- What to work on:
From the first line to the last, repeat the data exactly and drop the pictures.

- Task inputs:
===

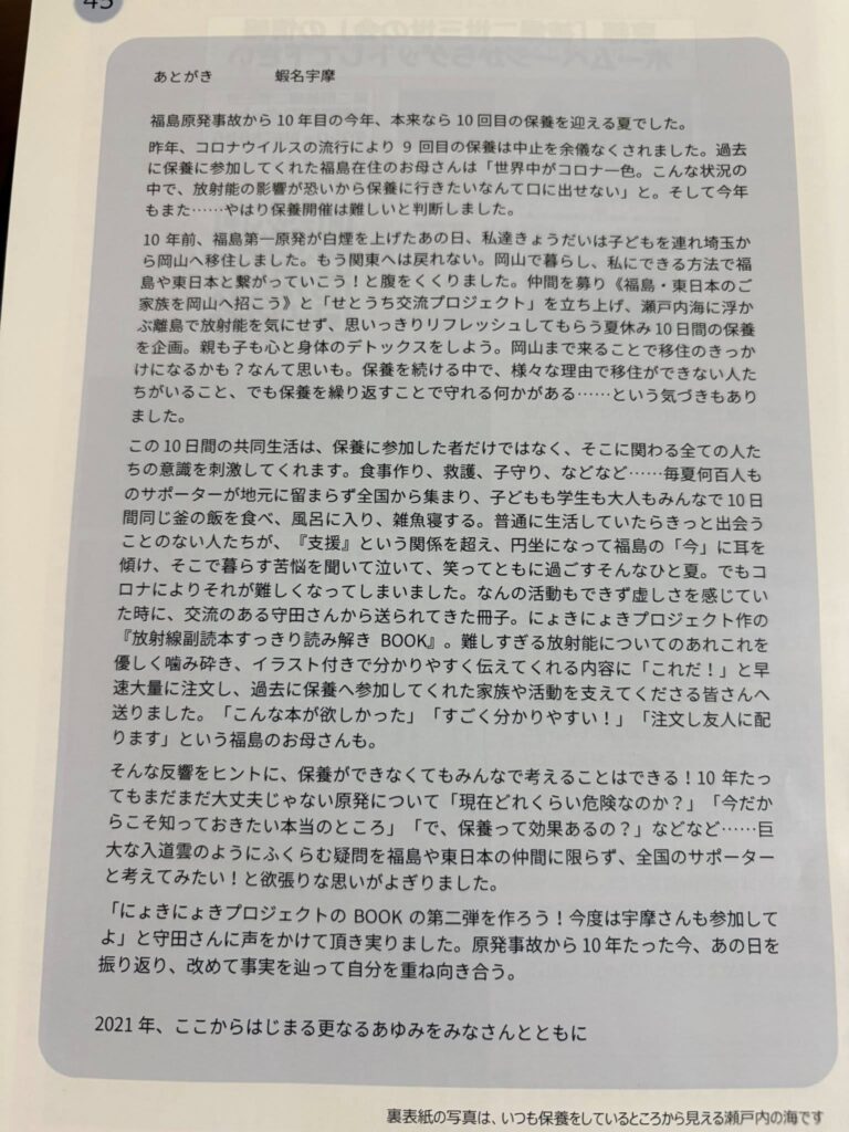 当初の私には、この冊子に出てくるようなお母さんたちの仲間はいなかったな。事実を教えてくれるような、”逃げろ”と伝えてくれるような、このミスターまとめ(守田敏也さん)のような存在など知る由もなく。
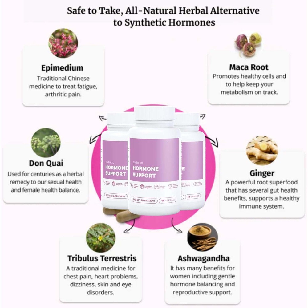 WHAT’S INSIDE? Over 30 Hormone Support is an all natural, easy to swallow capsule that contains a powerful and precise blend of ancient hormone balancing Golden Ratio of herbs including Don Quai, Maca Root, Ginger, Tribulus Terrestris and Ashwagandha. WHY SHOULD YOU TAKE OVER 30 HORMONE SUPPORT? The woman's body has three key hormones: cortisol, insulin and estrogen. At the age of 25 these hormones peak. By age 30 they start to naturally decrease resulting in the body’s metabolism to slow down. HORMONE BALANCE - Over 30 Hormone Support provides relief from uncomfortable symptoms such as hot flashes, mood swings, irritability, and more. It also suppresses fat storing hormones and supports fat burning hormones in days. HIGH QUALITY - Over 30 Hormone Support is made with all natural ingredients and is a more Safe & Natural Herbal Solution to Synthetic Hormone Therapy. GET YOUR OLD SELF BACK - Over 30 Hormone Support helps reduce brain fog, and improves mental clarity.
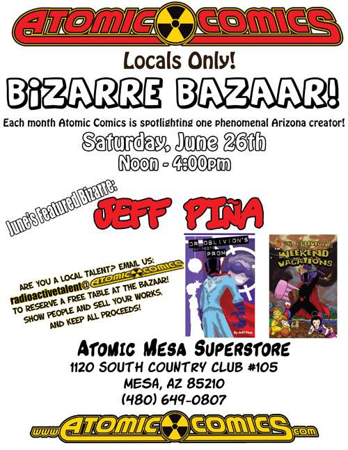 Home Category Comic Books AZ – Bizarre Bazaar CategoryComic BooksDirectorySigning and Appearance ProfilesUnited StatesArizona AZ – Bizarre Bazaar By Colin Solan - May 29, 2010 139 0 FacebookTwitterPinterestWhatsApp Jeff Pina signs at Atomic Comics on Saturday June 26th from noon-4pm. Atomic Comics Mesa Superstore 1120 South Country Club #105, Mesa, AZ 85210
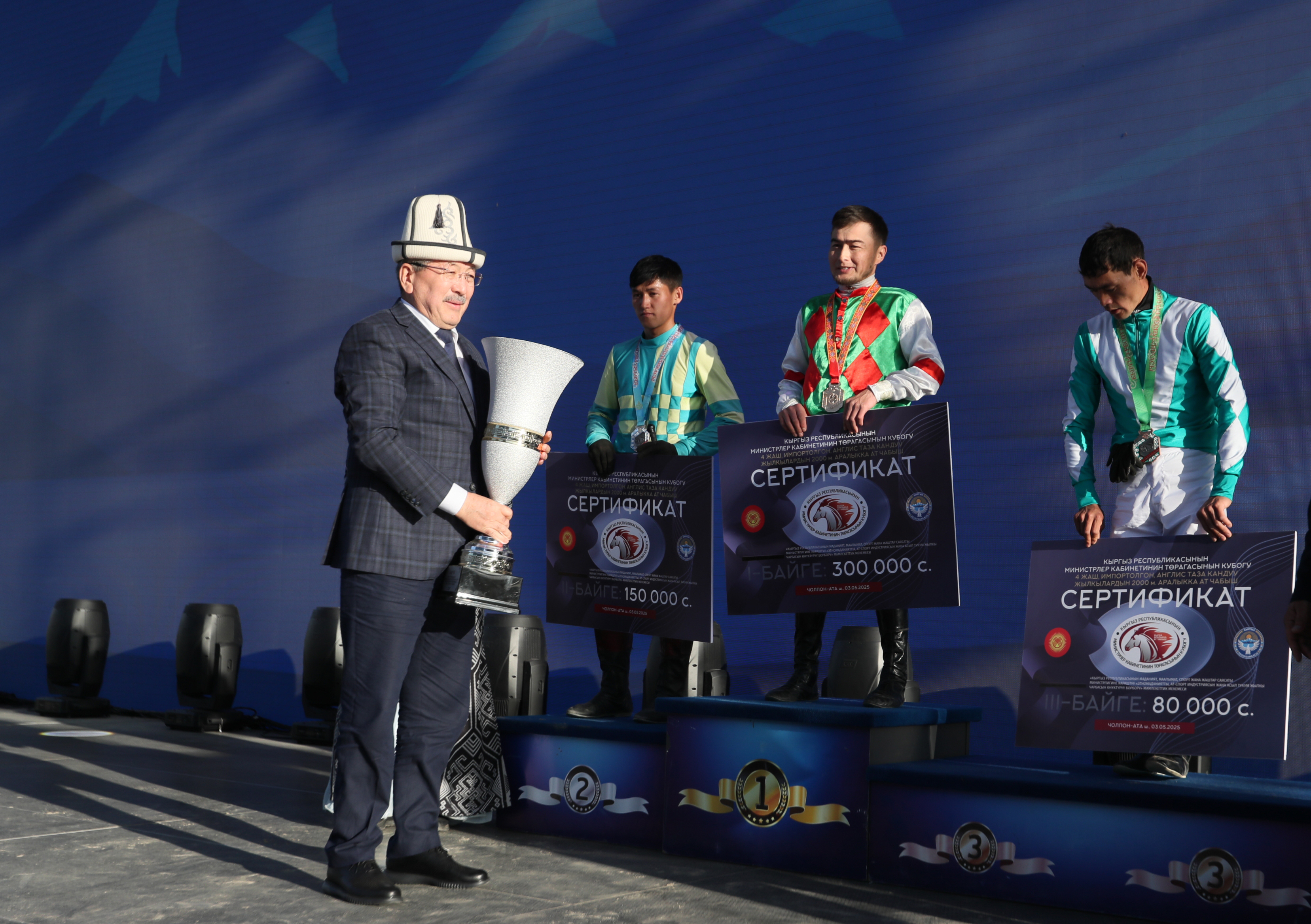 Жеңүүчүлөргө акчалай сертификаттарды МинКаб Төрагасы өзү тапшырып, бул чабуу жакшы салтка айланып, Кыргызстанда ат спортунун мындан ары өнүгүшүнө салым кошот деген ишенимин билдирди.
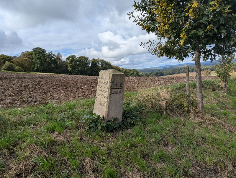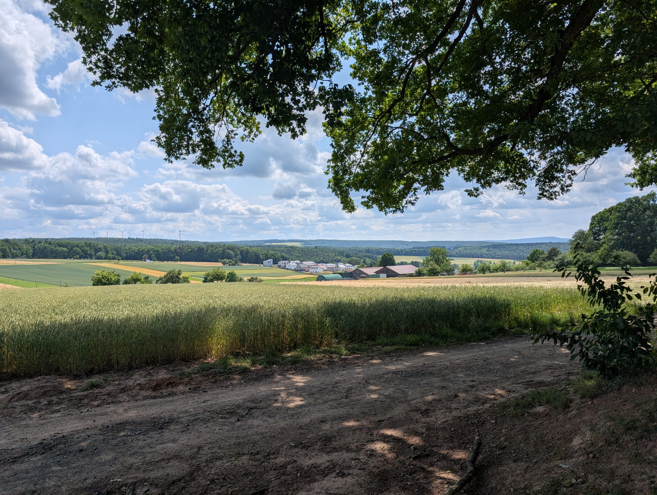 Die Strecke führt von Osten zu dem in Schlüchtern startenden Eselsweg hin, erreicht ihn aber noch nicht. Der Blick geht noch zurück auf die Kegel der hessischen Rhön und voraus auf den Höhenzug des Vogelsberges. Auch ein paar kleine Dörfer wegen durchquert.

===

- Result of the task:
 当初の私には、この冊子に出てくるようなお母さんたちの仲間はいなかったな。事実を教えてくれるような、”逃げろ”と伝えてくれるような、このミスターまとめ(守田敏也さん)のような存在など知る由もなく。
 WHAT’S INSIDE? Over 30 Hormone Support is an all natural, easy to swallow capsule that contains a powerful and precise blend of ancient hormone balancing Golden Ratio of herbs including Don Quai, Maca Root, Ginger, Tribulus Terrestris and Ashwagandha. WHY SHOULD YOU TAKE OVER 30 HORMONE SUPPORT? The woman's body has three key hormones: cortisol, insulin and estrogen. At the age of 25 these hormones peak. By age 30 they start to naturally decrease resulting in the body’s metabolism to slow down. HORMONE BALANCE - Over 30 Hormone Support provides relief from uncomfortable symptoms such as hot flashes, mood swings, irritability, and more. It also suppresses fat storing hormones and supports fat burning hormones in days. HIGH QUALITY - Over 30 Hormone Support is made with all natural ingredients and is a more Safe & Natural Herbal Solution to Synthetic Hormone Therapy. GET YOUR OLD SELF BACK - Over 30 Hormone Support helps reduce brain fog, and improves mental clarity.
 Home Category Comic Books AZ – Bizarre Bazaar CategoryComic BooksDirectorySigning and Appearance ProfilesUnited StatesArizona AZ – Bizarre Bazaar By Colin Solan - May 29, 2010 139 0 FacebookTwitterPinterestWhatsApp Jeff Pina signs at Atomic Comics on Saturday June 26th from noon-4pm. Atomic Comics Mesa Superstore 1120 South Country Club #105, Mesa, AZ 85210
 Жеңүүчүлөргө акчалай сертификаттарды МинКаб Төрагасы өзү тапшырып, бул чабуу жакшы салтка айланып, Кыргызстанда ат спортунун мындан ары өнүгүшүнө салым кошот деген ишенимин билдирди.
 Die Strecke führt von Osten zu dem in Schlüchtern startenden Eselsweg hin, erreicht ihn aber noch nicht. Der Blick geht noch zurück auf die Kegel der hessischen Rhön und voraus auf den Höhenzug des Vogelsberges. Auch ein paar kleine Dörfer wegen durchquert.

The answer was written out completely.